:: ASSIGNED TASK ::
Transcribe all the lines below exactly. Omit the pictures.

:: DATA EXTRACT ::
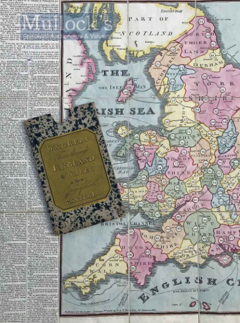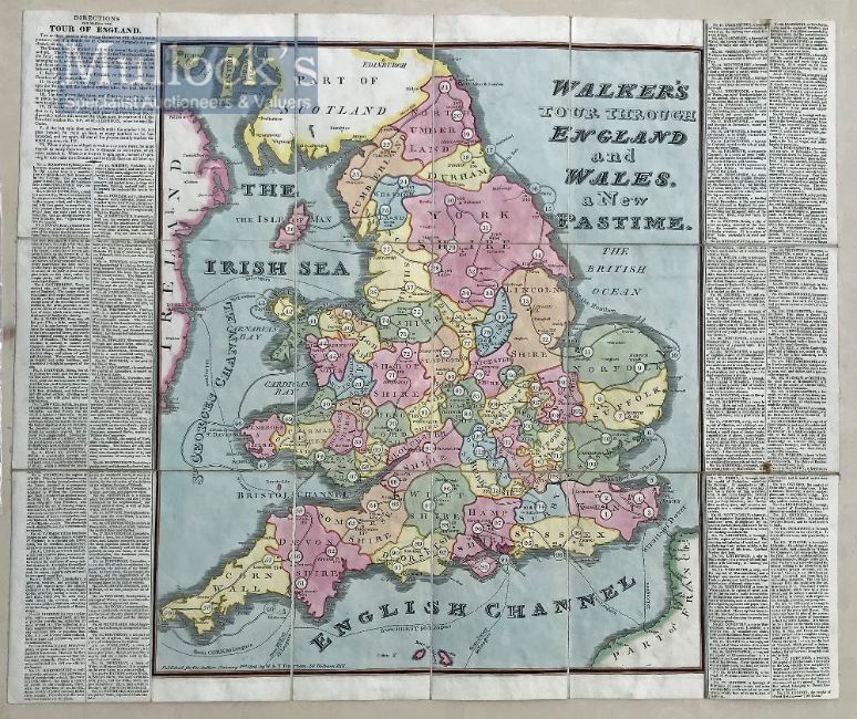 1809 W&T Darton Map - Walker’s Tour Through England and Wales a New Geographical Pastime - published for the author Jan 2nd 1809, with ‘Direction for making the Tour of England’ text to either side from No1 Maidstone, Kent through to No118 London, in colour, backed on linen, with original carded slipcase, overall signs of light wear, light foxing to text in places, opened measures 66x55cm approx.
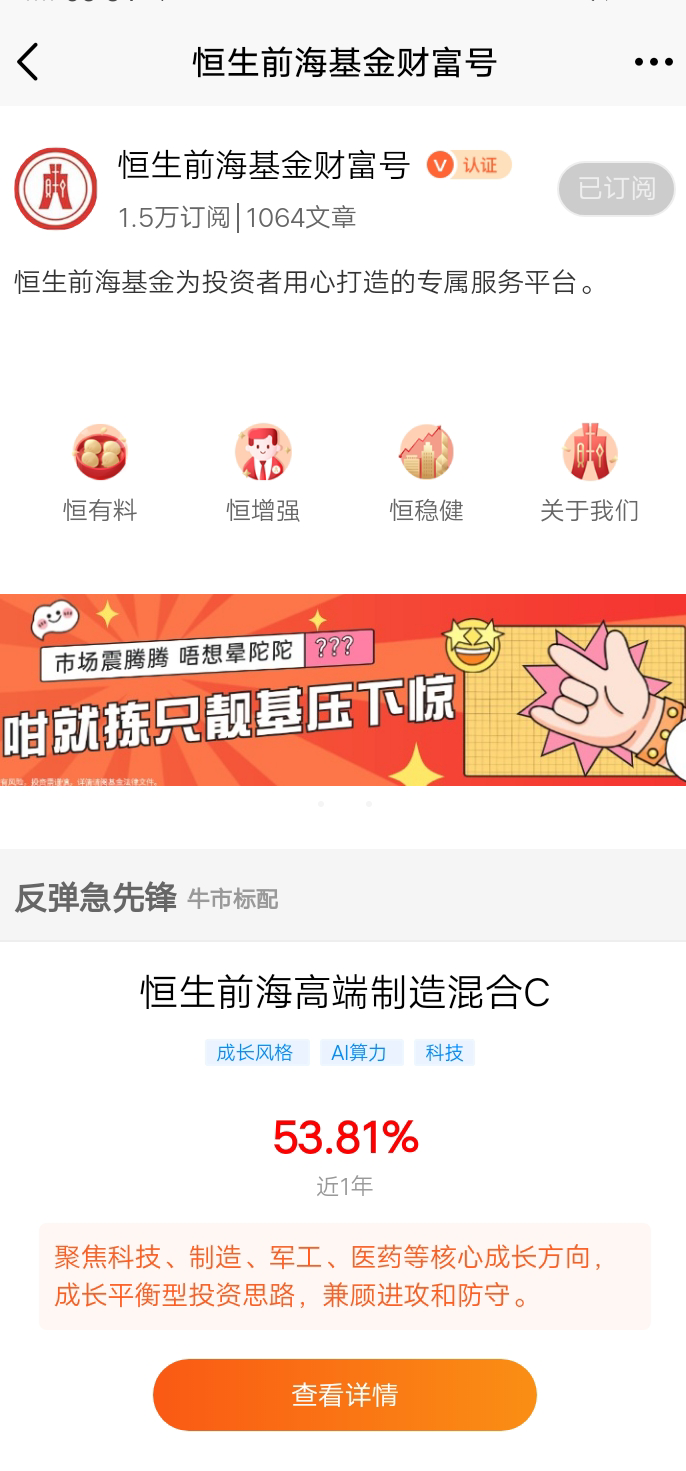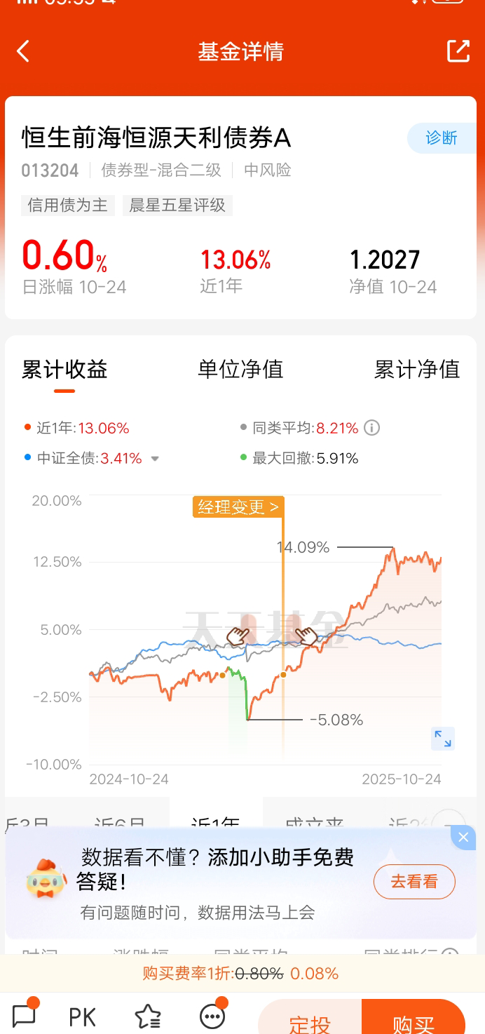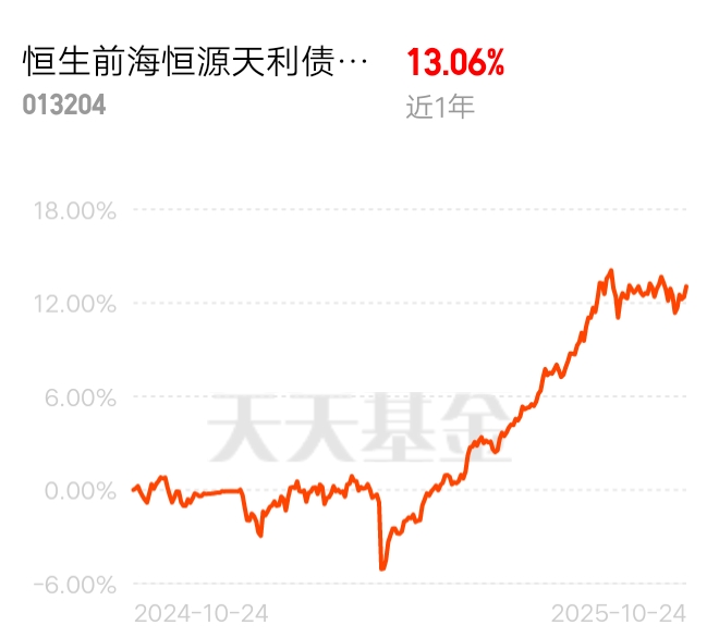 我最喜欢$恒生前海恒源天利债券A$ 的特点是该基通过股债混合,能够平衡收益与波动,在债券投资部分,追求稳健票息。在权益部分,注重成长与价值风格均衡,分散配置。即能在股市行情好时获取超额收益,又可以通过债券为主的底仓减少股市下跌带来的亏损。该基金近6月上涨14.60%。近三年上涨23.20%。是一支业绩优秀的二级债基。@恒生前海基金
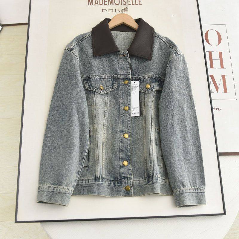 恋小维女装2025秋新款撞色拼接pu翻领设计休闲韩版宽松牛仔外套女
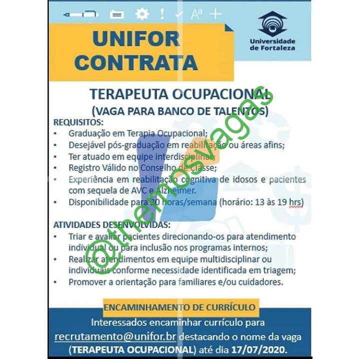 – Interessados(as) e que atendam ao perfil solicitado acima, devem até o dia 17/07/2020 enviar o currículo para o e-mail recrutamento@unifor.br , colocando no título “Terapeuta Ocupacional”.

:: RESULT OF THIS EXERCISE ::
 1809 W&T Darton Map - Walker’s Tour Through England and Wales a New Geographical Pastime - published for the author Jan 2nd 1809, with ‘Direction for making the Tour of England’ text to either side from No1 Maidstone, Kent through to No118 London, in colour, backed on linen, with original carded slipcase, overall signs of light wear, light foxing to text in places, opened measures 66x55cm approx.
 我最喜欢$恒生前海恒源天利债券A$ 的特点是该基通过股债混合,能够平衡收益与波动,在债券投资部分,追求稳健票息。在权益部分,注重成长与价值风格均衡,分散配置。即能在股市行情好时获取超额收益,又可以通过债券为主的底仓减少股市下跌带来的亏损。该基金近6月上涨14.60%。近三年上涨23.20%。是一支业绩优秀的二级债基。@恒生前海基金
 恋小维女装2025秋新款撞色拼接pu翻领设计休闲韩版宽松牛仔外套女
 – Interessados(as) e que atendam ao perfil solicitado acima, devem até o dia 17/07/2020 enviar o currículo para o e-mail recrutamento@unifor.br , colocando no título “Terapeuta Ocupacional”.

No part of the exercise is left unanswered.